The first network created below is similar to the previous network, but it replaces the SimpleRNN layers with LSTM layers. The second network below has two hidden layers made up of GRUs, which are preceeded by two dense (feeddorward) neural network layers. These dense layers "preprocess" the data before it reaches the recurrent layers. This architecture has been shown to improve the performance of recurrent neural networks (see the link above and also https://arxiv.org/pdf/1807.02857.pdf.
def lstm_2layers(length_of_sequences, batch_size = None, stateful = False):
"""
Inputs:
length_of_sequences (an int): the number of y values in "x data". This is determined
when the data is formatted
batch_size (an int): Default value is None. See Keras documentation of SimpleRNN.

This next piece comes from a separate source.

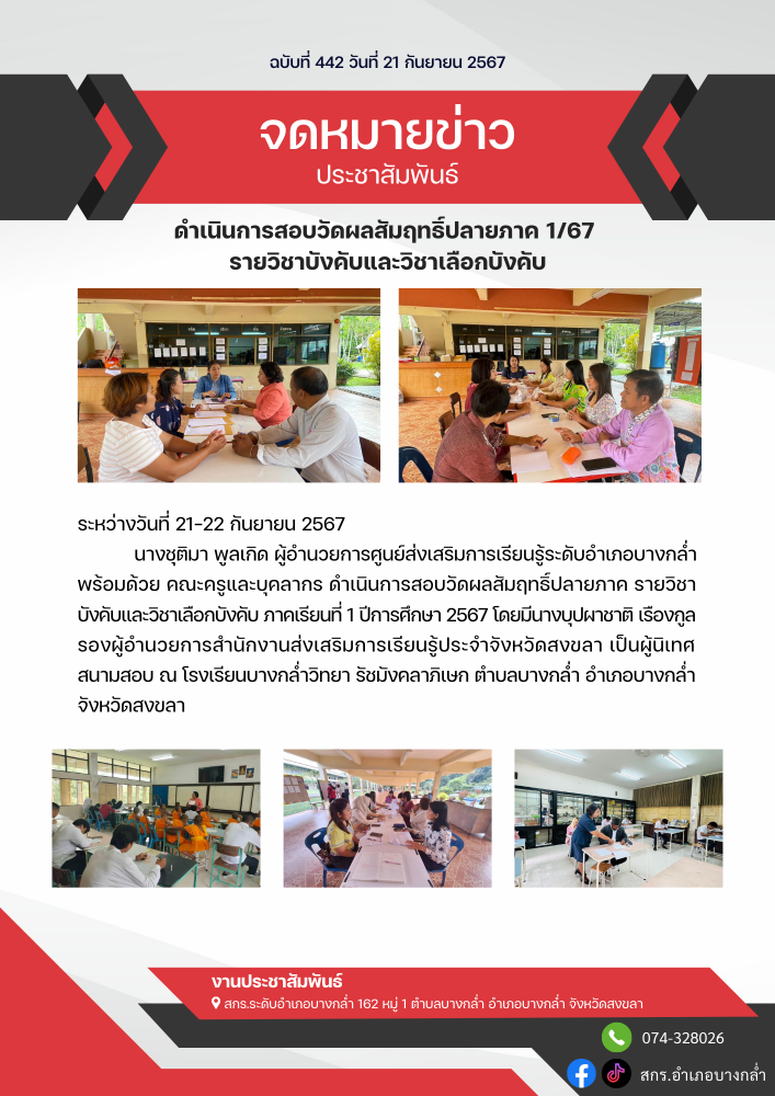 ดำเนินการสอบวัดผลสัมฤทธิ์ปลายภาค 1/67 รายวิชาบังคับและวิชาเลือกบังคับ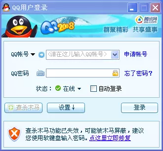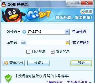 2007年登录界面,这一年上线了窗口抖动、离线文件功能。

stateful (a boolean): Default value is False. See Keras documentation of SimpleRNN.
Returns:
model (a Keras model): The recurrent neural network that is built and compiled by this
method
Builds and compiles a recurrent neural network with two LSTM hidden layers and returns the model.
"""
# Number of neurons on the input/output layer and the number of neurons in the hidden layer
in_out_neurons = 1
hidden_neurons = 250
# Input Layer
inp = Input(batch_shape=(batch_size,
length_of_sequences,
in_out_neurons))
# Hidden layers (in this case they are LSTM layers instead if SimpleRNN layers)
rnn= LSTM(hidden_neurons,
return_sequences=True,
stateful = stateful,
name="RNN", use_bias=True, activation='tanh')(inp)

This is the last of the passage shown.